Inflammation rises when the body is bracing, whether that’s from physical strain, psychological threat, emotional tension, or uncertainty. Experiences that communicate “we are safe enough to soften” do the opposite. Gratitude is one of those experiences.


Research shows that grateful states reduce levels of pro-inflammatory cytokines, the same biological markers that awe reduces. This matters because inflammation is not just about injury. It influences fatigue, pain perception, cognitive sharpness, and emotional regulation.


Lower inflammation = better recovery.

Better recovery = better performance and resilience.


It’s one of the cleanest explanations for why gratitude is consistently linked to physical and mental health outcomes, not because grateful people are necessarily happier (although they tend to be), but because grateful states lower biological strain. When boiled down, gratitude is a recovery tool not a personality trait.


Why does gratitude make relationships feel easier?


Gratitude is relational even when practiced privately. When we experience it, oxytocin pathways engage. This lowers stress, increases trust, and strengthens feelings of connection. It makes cooperation easier and conflict less volatile. Additionally, gratitude reduces self-focus.

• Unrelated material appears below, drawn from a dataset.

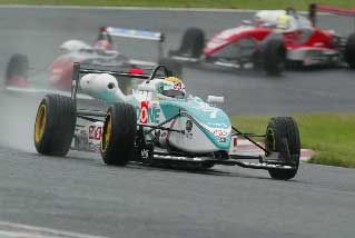 今日の鈴鹿は朝から雨が降り始め、F3第9戦の予選はウェットコンディションの中で 行われた。 横溝直輝が最初のアタックで出した2'17.458を各車とも中々上回れず、これがその ままポールタイムになるのかと思われたが、チェッカー間際にジェームズ・コートニ ーがセクター1のビハインドを130Rからシケインの区間で見事に挽回する走りで 2'17.308を叩き出して逆転、第9戦のポールポジションを奪い取った。 2位には横溝。3位には終盤目覚しいタイムアップがあったものの惜しくもトップに は届かなかった細川が入った。
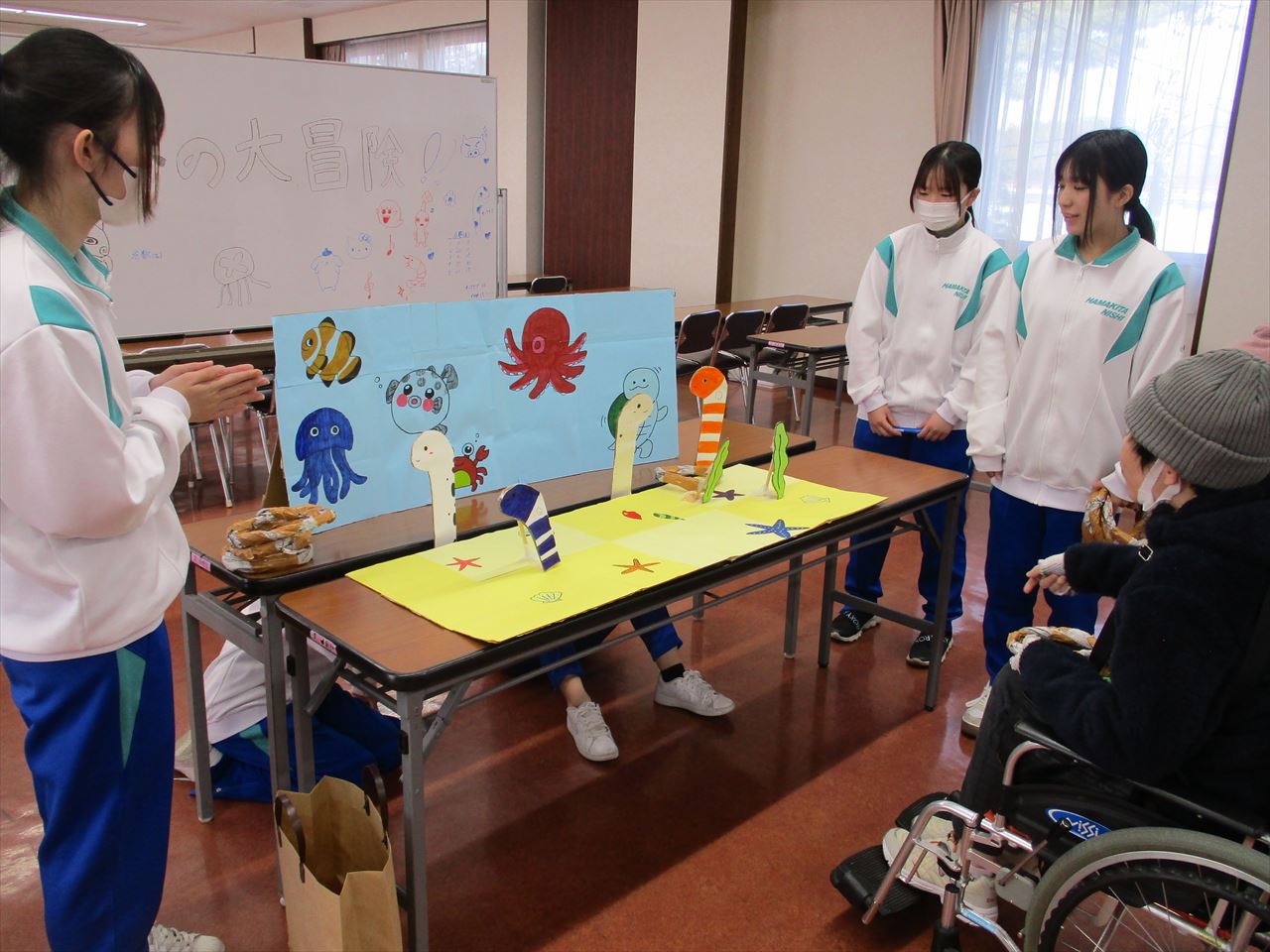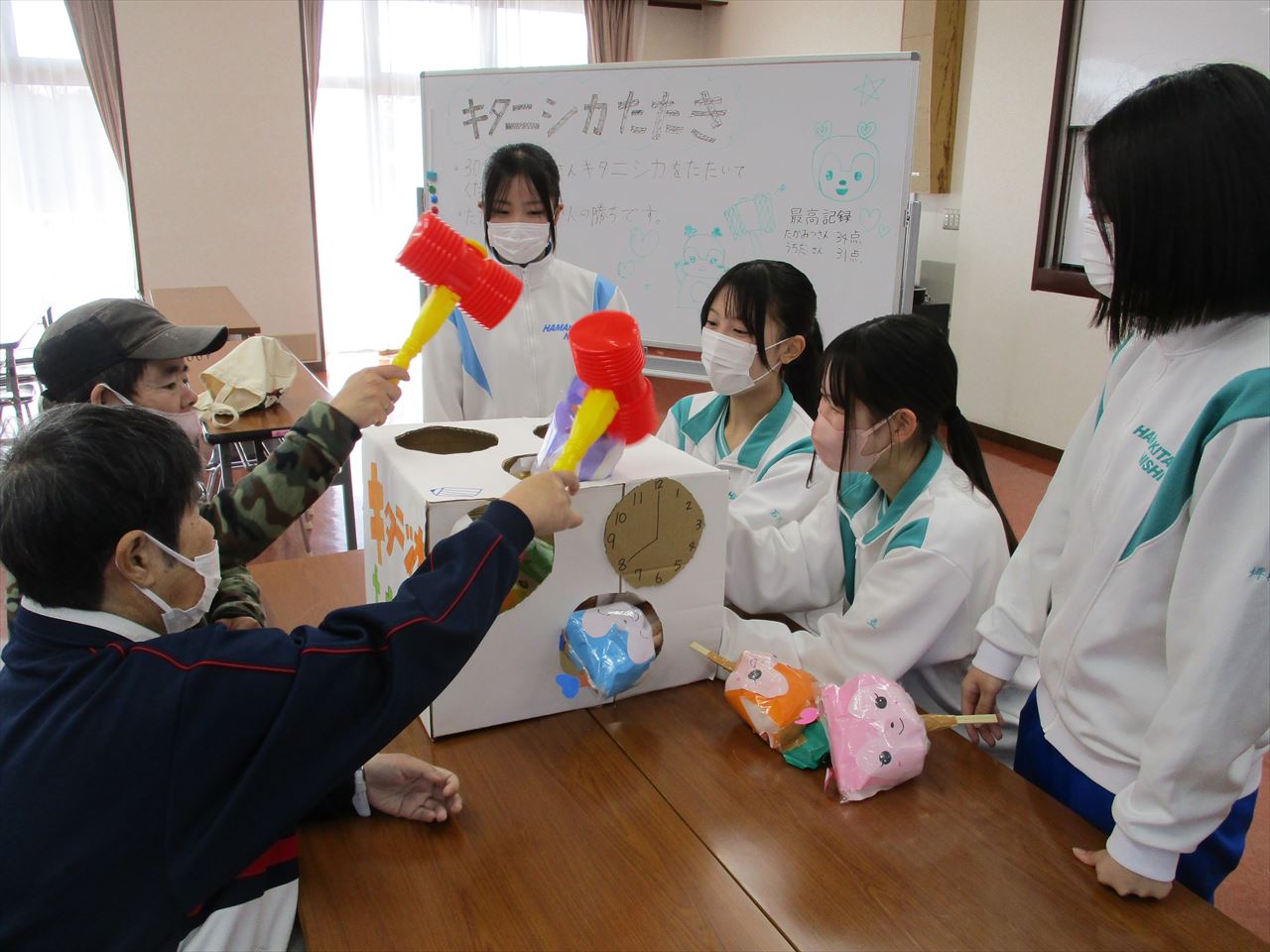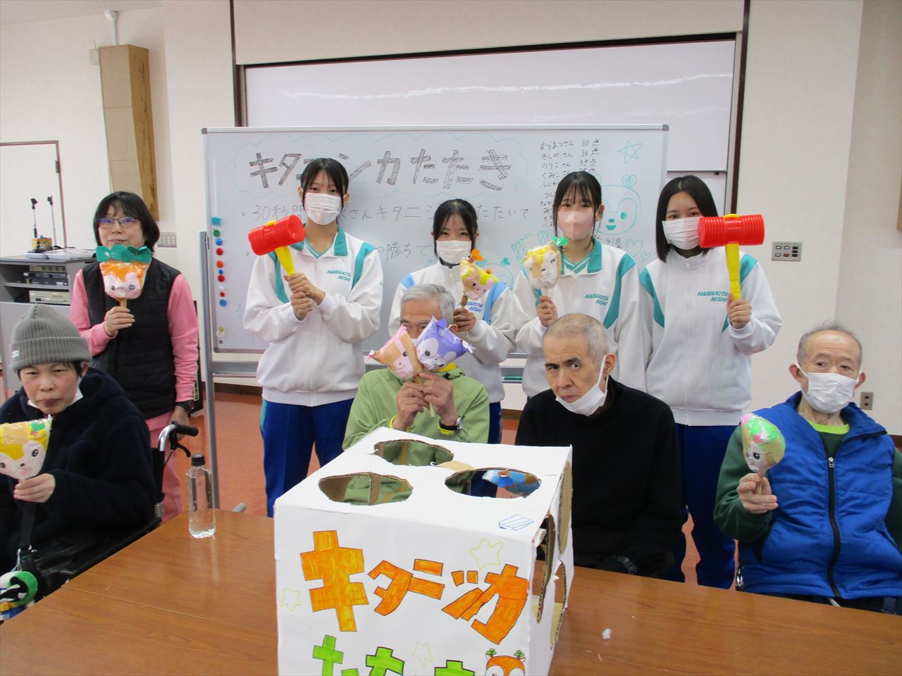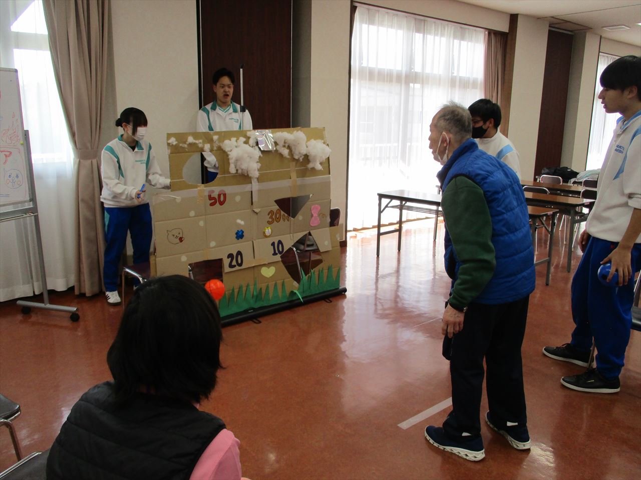 今回の企画は、ボランティア部のみなさんと一緒に1月から準備を進めてきました。学生たちは「どのような遊びにしたら喜んでもらえるか」「どのようなルールならみんなで楽しめるか」等を考え、工夫を凝らしながら「キタニシカたたき(もぐらたたき)」「海の大冒険(輪投げ)」「みんなの心を射ぬけ(ピンポン玉で的を狙うゲーム)」「北西SHOT(ボールを投げて得点を競うゲーム)」の4つの遊びを企画してくださいました。

When we take a moment to acknowledge something good that came from outside ourselves, the brain shifts away from defending the ego and into a shared perspective. This is the same pattern shown in awe research, which demonstrates a reduction of rigid self-focus and an increase in collective orientation.


During tense conversations or holiday gatherings, this shift can be the difference between reacting defensively and responding thoughtfully.


So why practice gratitude at all?


Gratitude is one of the simplest ways to recalibrate a taxed nervous system.

Being grateful pulls on multiple biological levers at once, including stress reduction, cognitive expansion, inflammation modulation, motivational alignment, social connection, and emotional flexibility. It is not a soft skill. It is a state that optimizes human systems.


The practice doesn’t need to be elaborate. In fact, the simplest forms seem to work best. A single moment of recognizing what helped us, whether it was a gesture, a pause, a person, a bit of luck, or something else, can shift physiology enough to matter.


During the holidays, when schedules tighten and emotions get layered, gratitude is less about tradition and more about balance. It’s a way of giving the nervous system something to cut through the noise when everything else gets loud.


References


  1. Emmons, R. A., & McCullough, M. E. (2003). Counting blessings versus burdens: Experimental studies of gratitude and well-being. Journal of Personality and Social Psychology.

  2. Kini, P., Wong, J., McInnis, S., Gabana, N., & Brown, J. W. (2016). The effects of gratitude expression on neural activity. NeuroImage.

  3. Keltner, D., & Haidt, J. (2003). Approaching awe and gratitude. Cognition and Emotion.

  4. Stellar, J. E., et al. (2015). Positive emotions and inflammation markers. Emotion.

  5. Brown, R. P., & Wong, J. (2021). Gratitude and its psychophysiological mechanisms. Annual Review of Psychology.